As an aside to this "What a beautiful island Alderney is" and the flight over there in a corned beef tin on wings is an adventure in itself. We all had a great time, must go again.

  interzone55 11:53 20 Apr 2012

My favourite flights are on the puddle jumpers between the Channel Islands.

As regards the original point here, I can't imagine the guilt you must have felt at the time, and forever since, so meeting up with relatives of the deceased must have been deeply emotional.

  john bunyan 11:55 20 Apr 2012
Answer

Bingalau

Yes, it is a mystery as to how far away she was from the predicted location. The buzz in the S/M world is that the snort stop valves were either faulty or wrongly labelled.

Few realise there were 4 Royal Marines on board - I am sorry they were lost, but do not feel guilty you were not one of them; it was the luck of the draw. Many lessons were learned which contributed to improved safety in boats. The whole crew are sorely missed. Did you fly from Southampton? If yes I would have bought you a wet before departure!

  birdface 12:24 20 Apr 2012

Had to have a look see as I could not remember that particular accident when it was lost at see.

I was only 10 at the time so we would not have had a TV in the house or maybe I was to young to understand.

http://www.bbc.co.uk/news/world-europe-guernsey-17729401

  birdface 12:25 20 Apr 2012

Sea.Of course.

  Bingalau 12:37 20 Apr 2012

john bunyan. Yes we stayed overnight in the Lenny Henry hotel at the airport. Peter Rawll was on the same flight, but it was that long since we had met that we didn't recognise each other. But we were re-acquainted at the same hotel. By the way they are also erecting a memorial to HMS Affray in Portsmouth next year.

I was certainly lucky that year. As well as that I also got engaged to my wife and we had 57 happy years together so that wouldn't have happened at all.

I asked about relatives of the man who swapped with me but so far haven't found anyone. I seem to remember that he was also engaged to be married.

  Woolwell 12:54 20 Apr 2012

There may be a good reason why Affray has not been salvaged. The Hurd Deep was used as a munitions dump until 1974. Earlier radioactive waste was dumped there too.

  flycatcher1 19:35 20 Apr 2012

Bingalau Your survival was due to Fate and nothing else and I am very pleased that it was on your side.

A friend of mine replaced a sick Nav.Radar in a Low Level Vulcan Flight. Something went wrong and they piled into a hill in Scotland.

I saw the chap who had reported sick clearing my friend's locker. He was as white as the proverbial sheet - not surprised - it was the second time that it had happened to him.
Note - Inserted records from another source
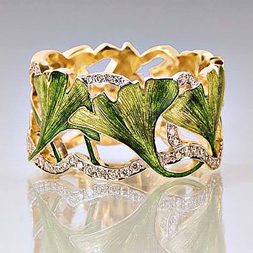 Кольцо в винтажном стиле с золотым покрытием 14K 1 мкр с цирконами (фианитами)
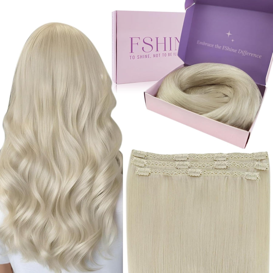 Fshine Invisible Clip in Extensions Echthaar Blond Hair Extensions Clip in Echthaar Weissblond 30cm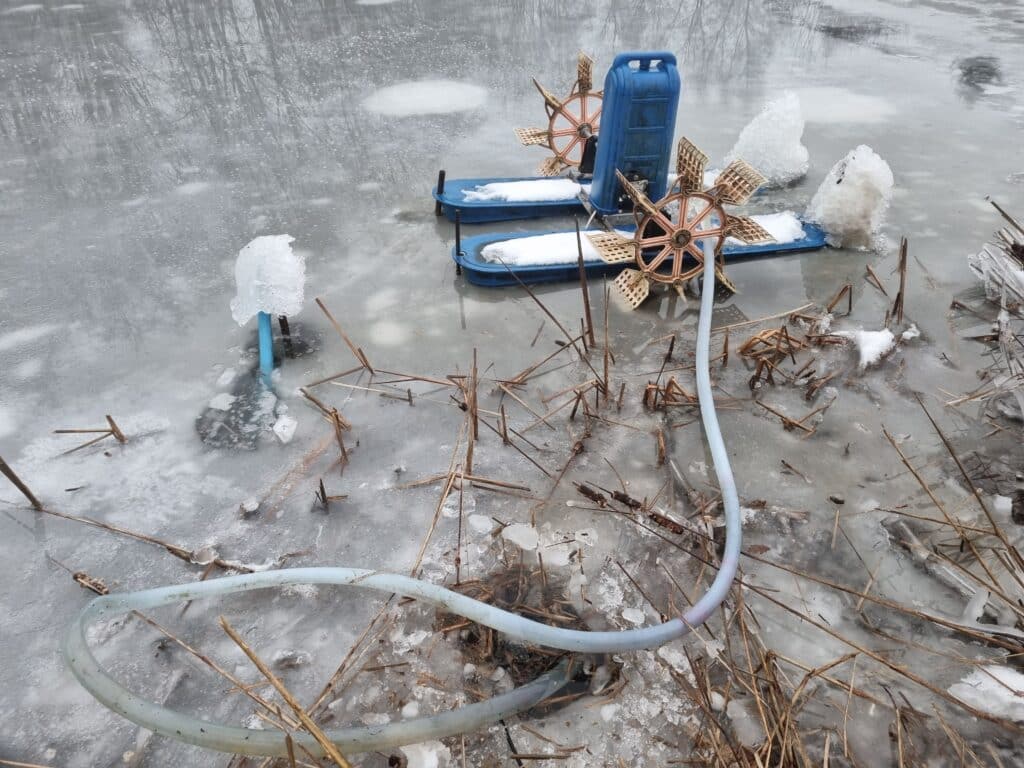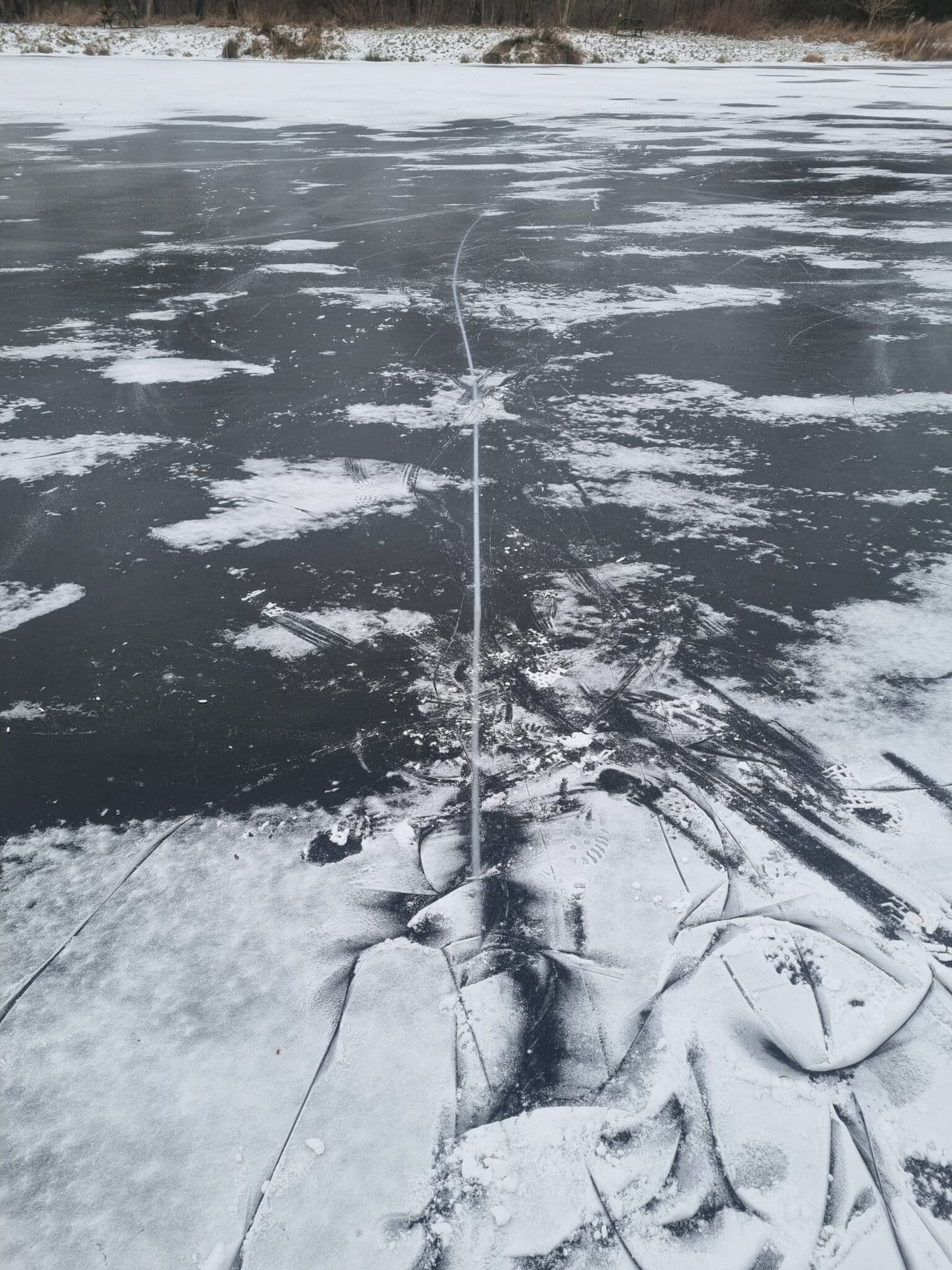 Piskeren har som forventet fået lavet en våge, som også når et stykke ud forbi området ved piskeren. MEN pga. af siv (ja, de burde være fjernet 😝) og at piskeren måske ikke “peger” helt rigtigt, ser det ud til, den ikke får arbejdet med isen kanten rundt. Derfor er der stadig tyk is en meter eller mere ud til vågen, hvilket er skidt.

Fate indeed.

We were always unhappy if our normal crew was not complete.

  morddwyd 20:47 20 Apr 2012

I remember the Affray.

That was one occasion when the much overused phrase "the whole nation mourned" was true for once.

It was too close to the end of the war, and virtually every family had someone serving in the forces as a result of National Service..

For some reason the Affray affected the public much more than Truculent, which was sunk about a year earlier, perhaps because Truculent was struck on the surface, and people simply subconsciously registered it as a collision.

The film Morning Departure was still doing the rounds at that time, and many local cinemas delayed showing it for some months, others screened it and took a collection.

That was before my time in Coastal Command, but I remember that if ever a "Subniss" signal came in (and we did get a few, fortunately all false alarms) it was all stops out to get every available thing that could be dragged into the air up to join the search.

  john bunyan 20:59 20 Apr 2012

morddyd

As a matter of interest my father was in Bomber Command from 1940 - 43 (kia) and my mother was a WAAF driver in Coastal Command for the same period - she often drove ACM Sir Philip Joubert de la Ferté before he went abroad. A bit before even your time!

  kjwoodhal106 17:07 23 Apr 2012

My Father was lost with the Affray, how long were you on board prior to the loss? Do you recognise any of the crew photographs. We travelled out from Southampton also.